Constand Viljoen: on the Afrikaner Right
The divergent political paths of twin Afrikaner brothers reveal the forces pulling at South Africa as the end of white rule approaches
PRETORIA, SOUTH AFRICA
GEN. Constand Viljoen, the retired defense chief who left his cattle ranch six months ago to mobilize Dutch-descended Afrikaners fearful of majority rule, is seen by his growing band of followers as more than a political leader.
General Viljoen (pronounced `VIL-yoon') stepped into a dangerous political vacuum in May following the sudden death in April of Conservative Party leader Andries Treurnicht. Mr. Treurnicht's death had left an already fragmented Afrikaner people in deeper confusion.
The assassination two weeks earlier of populist black leader Chris Hani unleashed a wave of black anger that prompted a spontaneous mobilization of right-wing power - in disarray since March 1992, when reformists defeated the right in a whites-only national referendum.

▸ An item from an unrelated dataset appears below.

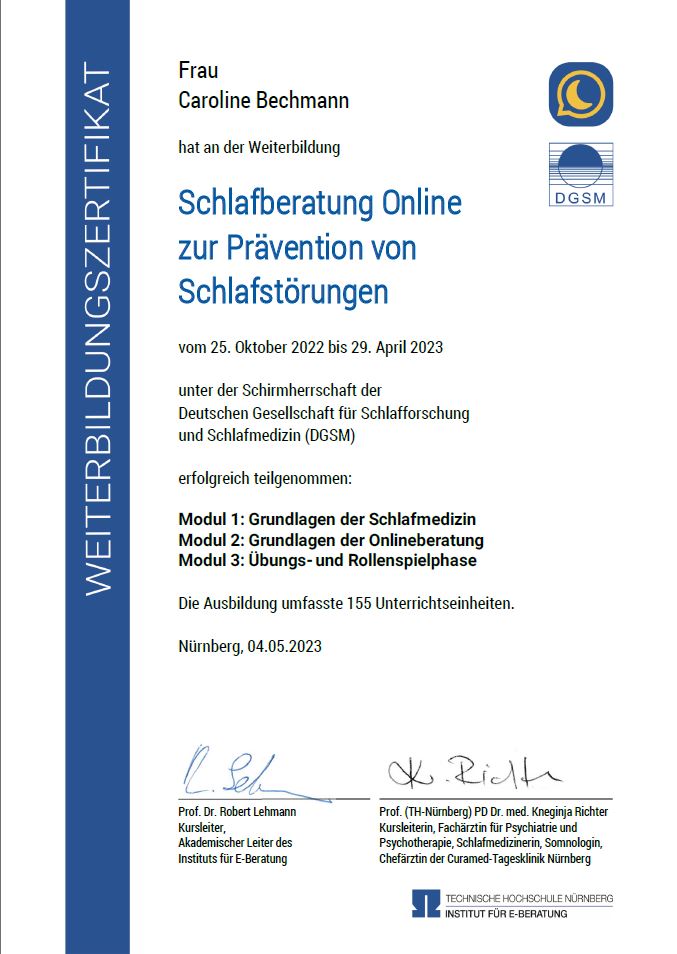 Um Familien ganzheitlich begleiten zu können, habe ich mich 2023 auch zur zertifizierten (Online-) Schlafberaterin für Erwachsene weitergebildet. Die Fortbildung erfolgte an der TH Nürnberg in Kooperation mit der Schlafambulanz des Klinikums Nürnberg und der PMU Salzburg, unter der Schirmherrschaft der DGSM. Der Fokus lag auf der Begleitung von Menschen mit Schlafproblemen auf Basis der Kognitiven Verhaltenstherapie für Insomnie

This past spring, a committee of former South African Defense Force generals formed the Afrikaner Volksfront (Afrikaner People's Front, AVF) and persuaded Viljoen to be its leader.

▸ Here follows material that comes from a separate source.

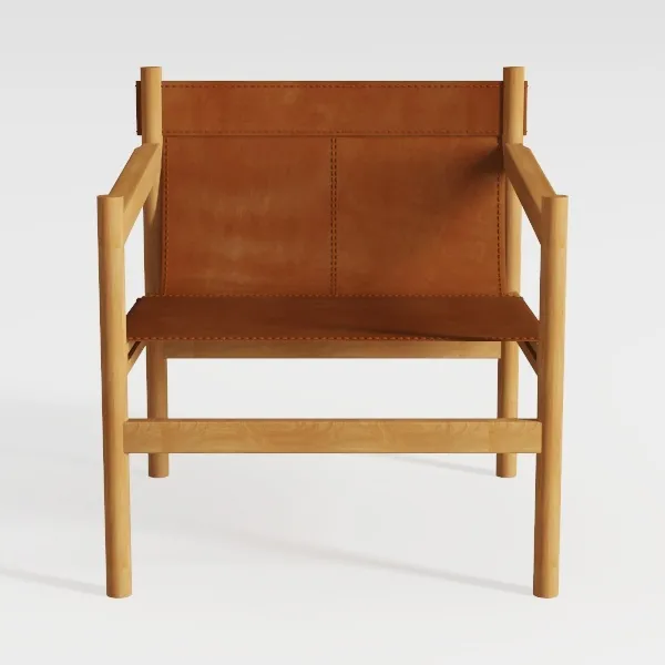 This armchair draws inspiration from the purity of Scandinavian design, harmonizing natural materials with minimalist structure. The light oak frame, with its smooth, clean lines, offers a soft, organic foundation, while the warm, buttery leather upholstery adds rich tactile depth. Stitched seams along the back and seat create subtle texture, gently softening the frame’s硬朗 and infusing the piece with timeless charm.

Since he hesitantly accepted the leadership of AVF, an umbrella organization uniting a plethora of white right-wing groups - Viljoen has emerged as a moral authority in Afrikaner politics.
He has quickly sidelined more radical conservative leaders. According to some recent public opinion polls, the Volksfront now commands more support among Afrikaners than President Frederik de Klerk's ruling National Party.
``The phenomenal growth of the Volksfront under Viljoen has very serious implications for De Klerk,'' says Wim Booyse, a political risk analyst who specializes in right-wing groups. ``It has greatly increased the pressure on him to accommodate the right-wing.''
Viljoen's supporters see him in the mold of the Boer generals of old who committed themselves to fight to the finish against the British in the Boer War of 1899 to 1902, a struggle that ended with the Boers' surrender.
His calloused and soil-engrained hands testify to his love of the earth and add credence to the image he cultivates of a reluctant politician.